Dicho así, con esa seguridad y firmeza de algo que no debe ni puede ser discutido, puede sonar chocante y hasta ciertamente odioso por el talante militar de quien quiere imponer su criterio sin derecho a crítica alguna. Pero bien lejos estuvo Pedro Nikken de lo militar y de la guerra, y mucho menos de la intolerancia y la cruel brutalidad de las actuaciones de la soldadesca y de los escuadrones de la muerte que hirieron y siguen hoy causando heridas entre los débiles y los valientes que, sin armas en mano, confiaron en lograr la paz y la convivencia.

Citaremos otra vez (avanzo excusas por la insistencia) a Javier Marías cuando alerta que en una guerra de supervivencia uno hace todo lo necesario, lo cual acaba por incluir también lo innecesario. «El problema es que mientras se dirime el conflicto, uno cree que todo es necesario. Luego, cuando todo ha terminado (…) es casi imposible pensar que también se hubiera ganado sin que yo hubiera hecho esto o lo otro. Pensamos que podríamos habernos ahorrado alguna crueldad o vileza, y algunas víctimas, y que aun así el resultado habría sido el mismo».

En esos momentos posteriores, en esos cansancios de la guerra cuando la destrucción de almas y viviendas, de pueblos humildes y de soledades y arrepentimientos de los soldados embrutecidos por las órdenes de sus oficiales superiores, era cuando la voz del venezolano Pedro Nikken se alzaba en la soledad del campo de batalla.

Su misión era tan otra y tan distinta a la crueldad y el odio de lo que había ocurrido que solo el esfuerzo de imaginar no la paz (vana y absurda ilusión) sino el acercamiento entre los enconados enemigos resultaba poco menos que una batalla contra innumerables y escurridizos molinos de viento. Pero Pedro Nikken insistió, supo de alguna manera que la paz en Centroamérica, en África y en cualquier rincón del mundo era posible si se hablaba cara a cara. Y lo logró: triunfó sin duda alguna, al menos en los encargos que los burócratas de turno le permitieron.

Vale la pena agregar que Pedro Nikken fue y será una referencia ineludible en la defensa de los derechos humanos en nuestro continente, cuando una Venezuela civil y civilizada era ejemplo de lucha para toda la región. Esta vocación lo llevó a ser nombrado juez de la Corte Interamericana de Derechos Humanos y ejerció como vicepresidente y presidente.

La ONU lo escogió como asesor jurídico para mediar en el conflicto armado que quemaba en la desolación y el odio a El Salvador, una guerra insólita que superaba en barbarie y horror la dimensión geográfica del ese país.

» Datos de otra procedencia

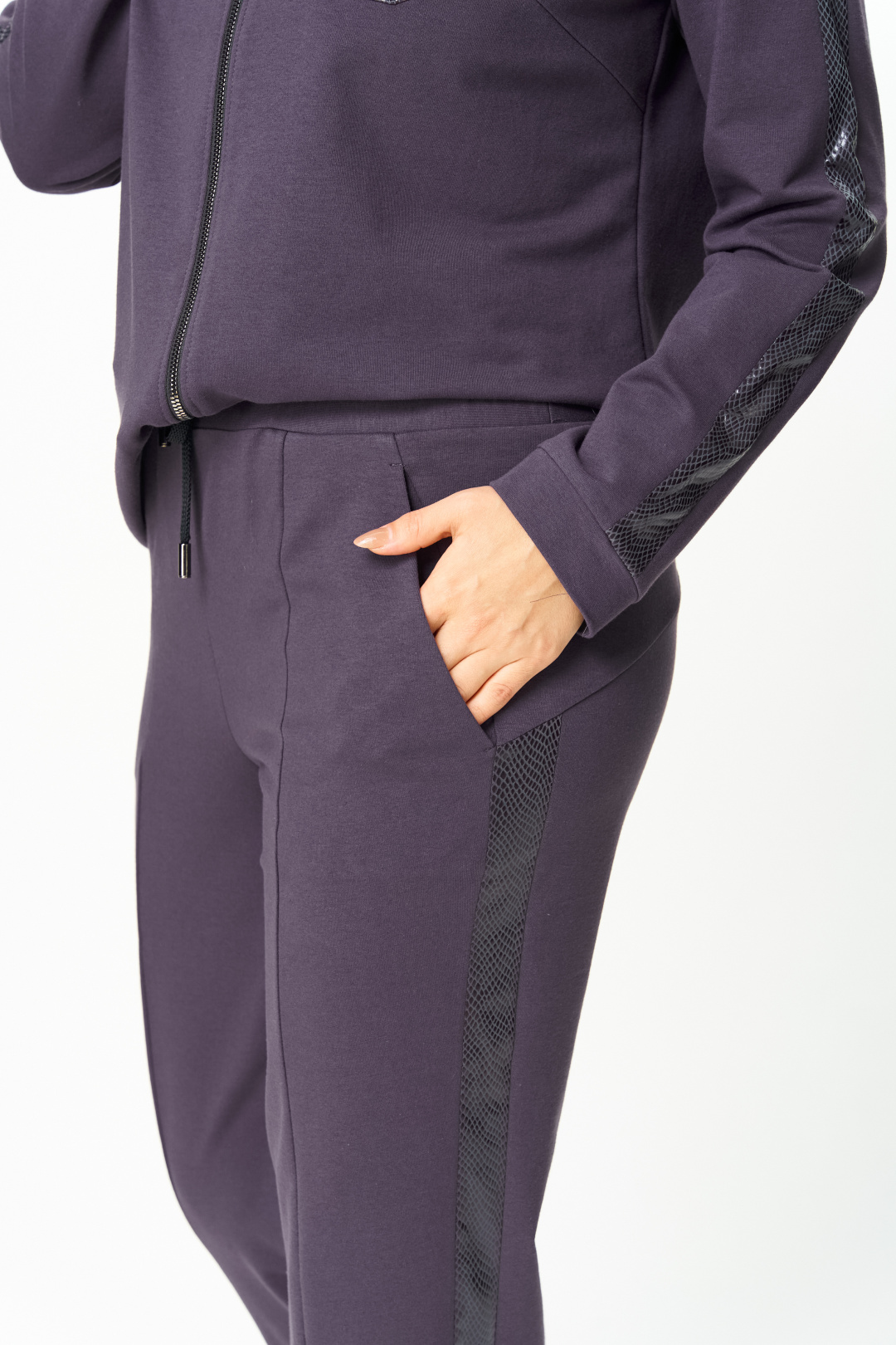 Брюки, зауженные к низу, по верху на задних половинках отрезные кокетки, по боковым швам от кокетки до низа отделочные лампасы, на уровне бедер в швах функциональные карманы. Верх брюк оформлен отрезным поясом с резинкой.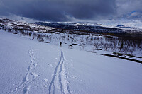 Innover dalen var det utrolig kvitt og fint, masse snø. Fulgte ryggen over det store Tausafjellvatnet mot toppen. Skydott på toppen og litt vind, så vi tok matpausen i søkket rett før 1400 meter. Da vi fortsatte letnet det helt, og vi fikk full utsikt fra Bjørntoppen. Så langt inn i Sverige og til Suliskongen og ikke minst en topp som jeg gjerne skulle vært på Nordre Saulo…. Full vinter her i nord enda så skiføret vill nok holde seg en stund til. Etter en lang pause her oppe tok >>>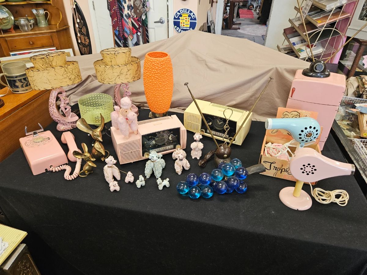 Midcentury Atomic Extravaganza & Roseville Pottery @ Schiff's Estate Sale Building 1309 Del Paso Blvd Sacramento, 95815 916-923-1443 Open Daily 11:00 am - 3:00 pm PHOTOS Highlights: Ericofon Cobra Rotary Phones, Pink Sunbeam MixMaster Stand Mixer, Wolverine Tin Toy Refrigerator, Style-Queen & Tropic-Aire Hair Dryers, Atomic Orange Bubble Blow Mold Tripod Lamp, Vintage Ceramic Figures, Planters and Candleholders by California Originals & Shawnee Kenwood, 1950s GE C-416 Clock Radios, MCM TV Lamps by Maddux & Lane Ceramics, Frankart Nymph & Frog Bookends, Osterizer Galaxie Ten Blender, Pyrex Pink Daisy & Aqua Snowflake Covered Casseroles, Hazel Atlas Swanky Swigs Glasses, Paint-by-Number...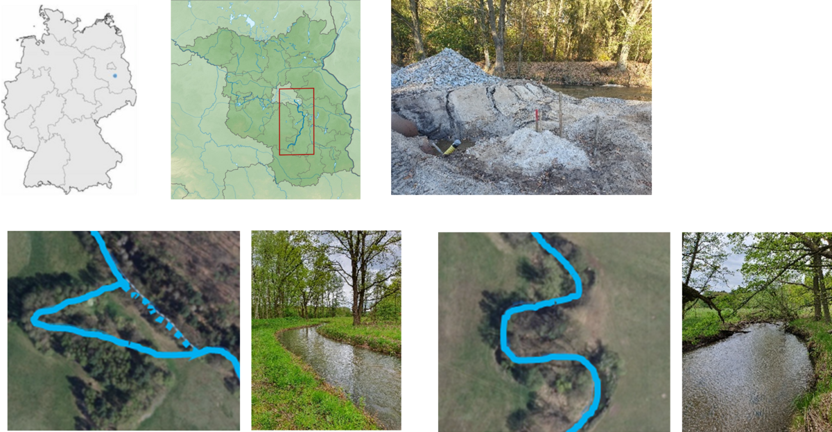 The Dahme is lowland, sandy-bottomed stream (Type 14/15 of the German River typology), with mostly sandy sediments and small areas of larger and finer inorganic sediments. The reaches studied show a dominance of sandy to gravel dominated bed with submerse macrophytes and wooden structures present. The existing (i.e. never straightened) meander reach is located downstream, close to Freidorf (Fig. X below) and is framed by oak trees, that cover and shade the stream completely, in the riparian area and surrounded by extensively farmed grassland beyond. The reconnected meander lies downstream of the Staakmühle in the municipality of Briesen (Halbe), about 500 m upstream of the existing meander. This reach is a reconnected meander with its restoration based on an old meander that was disconnected during the channelization of the river but dug up and reconnected in 2022 as part of the project “LIFE Feuchtwälder“, which is part of the Natura 2000 management plan for Brandenburg (MUGV, 2014). The ‘Horstgraben’, which is an artificial drainage channel, joins the meander at its turning point. Despite the excavation and other restoration efforts, care was taken to preserve the remaining forest and the riparian area frames the reconnected meander with trees in most places while further from the stream grassland is extensively managed.

Entendió bien pronto la naturaleza de la tragedia venezolana con la llegada de Chávez y de los militares al poder. Advirtió que “uno de los problemas que el chavismo tuvo desde su origen fue considerar que la mayoría era título de legitimidad para hacer cualquier cosa. Resulta que eso no es verdad. Existe la dignidad de la persona, la tolerancia, el derecho de existir de cada uno y de cada grupo que está fuera del ámbito de las mayorías. Chávez, al calificar de escuálidos y con desprecio a quienes se le oponían, sembró una semilla fatídica”.

Para mayor desgracia, este predicador del buen juicio y el entendimiento entre todos los venezolanos jamás fue llamado a construir la concordia que era posible en meses y años atrás.